▶ [EXERCISE PROMPT]
Transcribe the data underneath exactly. No images belong in your version.

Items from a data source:
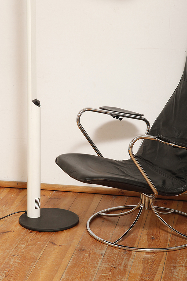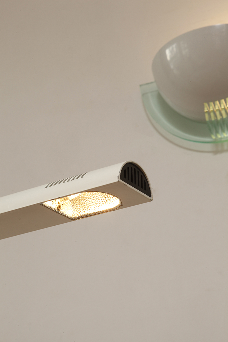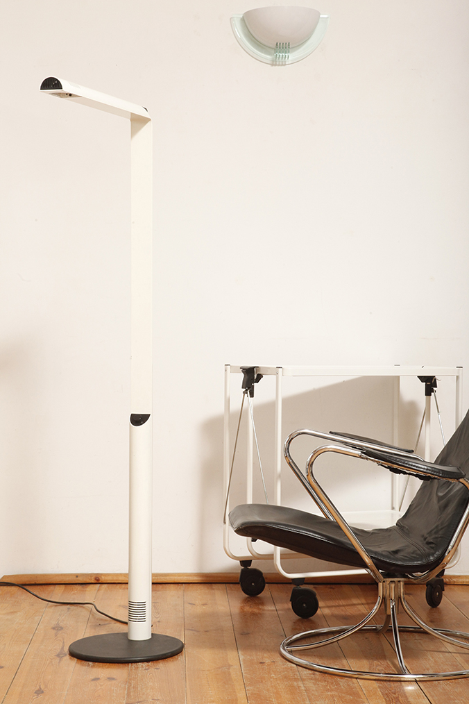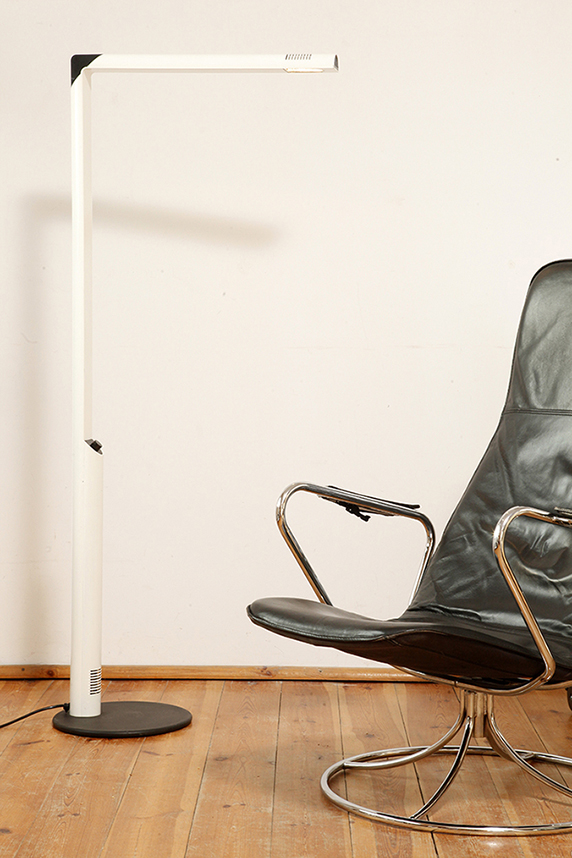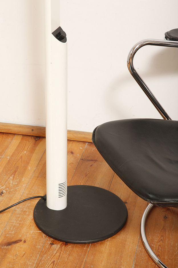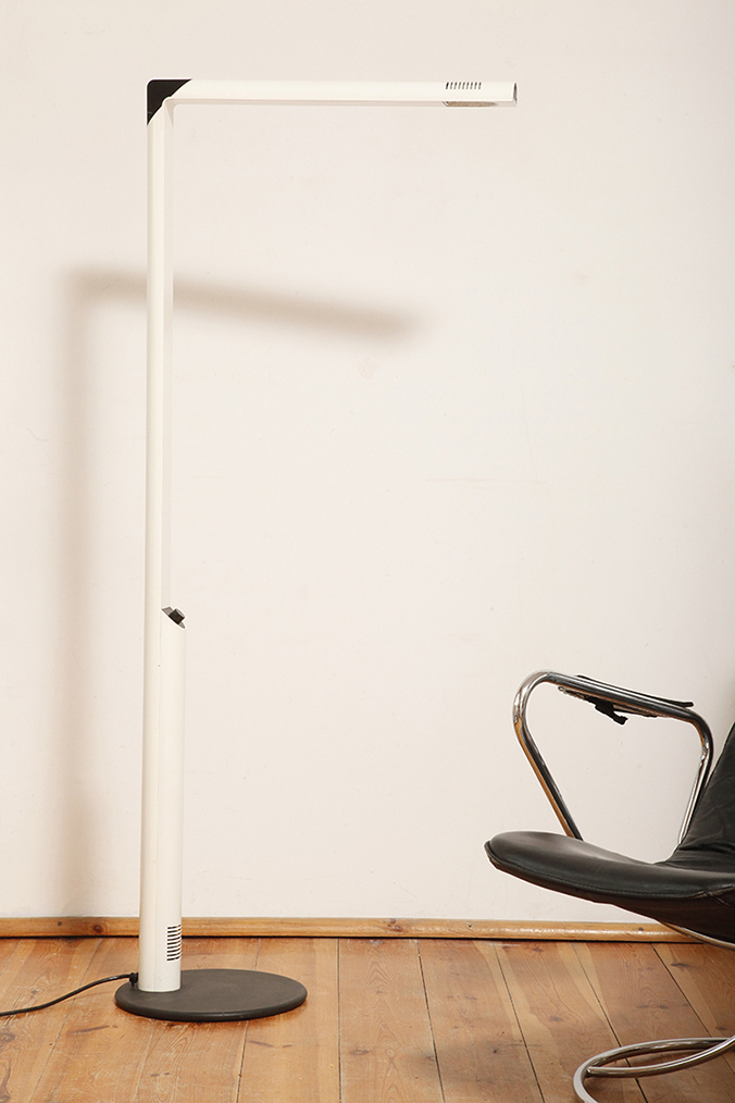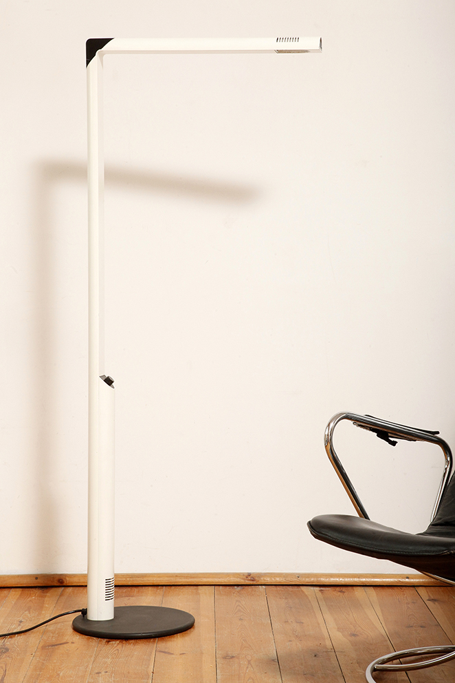 Dyfuzor można obracać w celu rozproszenia światła bezpośredniego, lub pośredniego, w wersji podłogowej. Można regulować jego wysokość przesuwając po głównym czarnym metalowym ramieniu w kształcie kątownika.
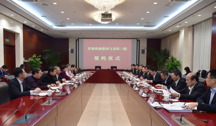 集团公司经营管理部、财务管理部,首都机场医院、北医三院机场院区相关领导出席了签约仪式。
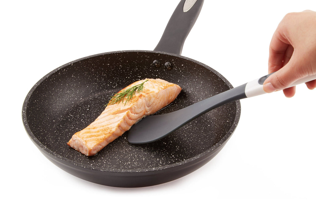 • Broad surface and angled thin front edge is safe on nonstick cookware
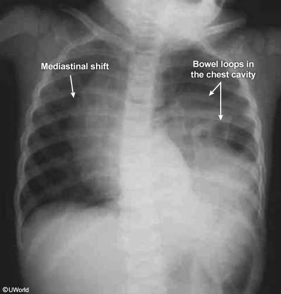 Elevation of the hemidiaphragm on the chest x-ray might be the only abnormal finding, but ultrasonography or CT scan of the chest is sometimes required if the chest x-ray does not visualize the area well. The small bowel is sometimes present in the thoracic cavity.
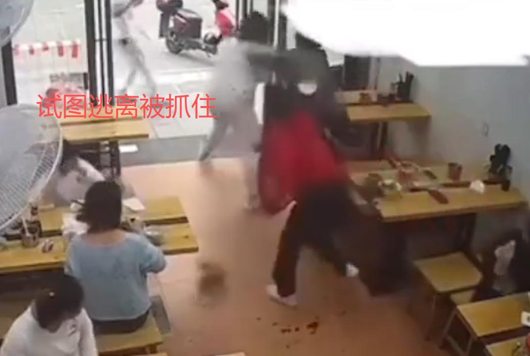 女子做完这个泄愤动作后,大概也是知道了后果很严重,转身就往外跑,想趁乱离开。
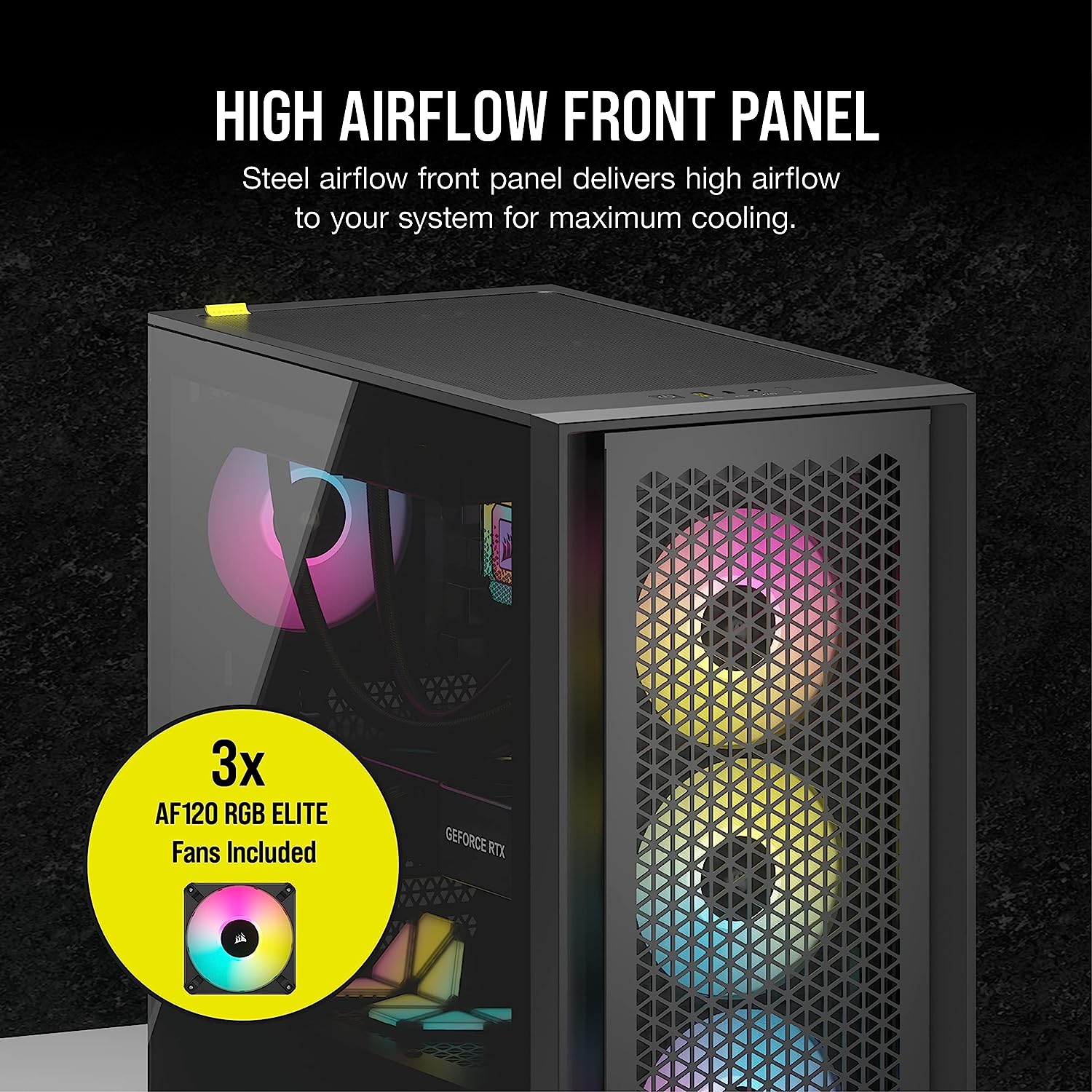 A high-airflow front panel ensures maximum air intake, while three included AF120 RGB ELITE PWM fans with AirGuide technology focus it towards your components at fan speeds up to 2,100 RPM.

▶ [COMPLETED TASK]
 Dyfuzor można obracać w celu rozproszenia światła bezpośredniego, lub pośredniego, w wersji podłogowej. Można regulować jego wysokość przesuwając po głównym czarnym metalowym ramieniu w kształcie kątownika.
 集团公司经营管理部、财务管理部,首都机场医院、北医三院机场院区相关领导出席了签约仪式。
 • Broad surface and angled thin front edge is safe on nonstick cookware
 Elevation of the hemidiaphragm on the chest x-ray might be the only abnormal finding, but ultrasonography or CT scan of the chest is sometimes required if the chest x-ray does not visualize the area well. The small bowel is sometimes present in the thoracic cavity.
 女子做完这个泄愤动作后,大概也是知道了后果很严重,转身就往外跑,想趁乱离开。
 A high-airflow front panel ensures maximum air intake, while three included AF120 RGB ELITE PWM fans with AirGuide technology focus it towards your components at fan speeds up to 2,100 RPM.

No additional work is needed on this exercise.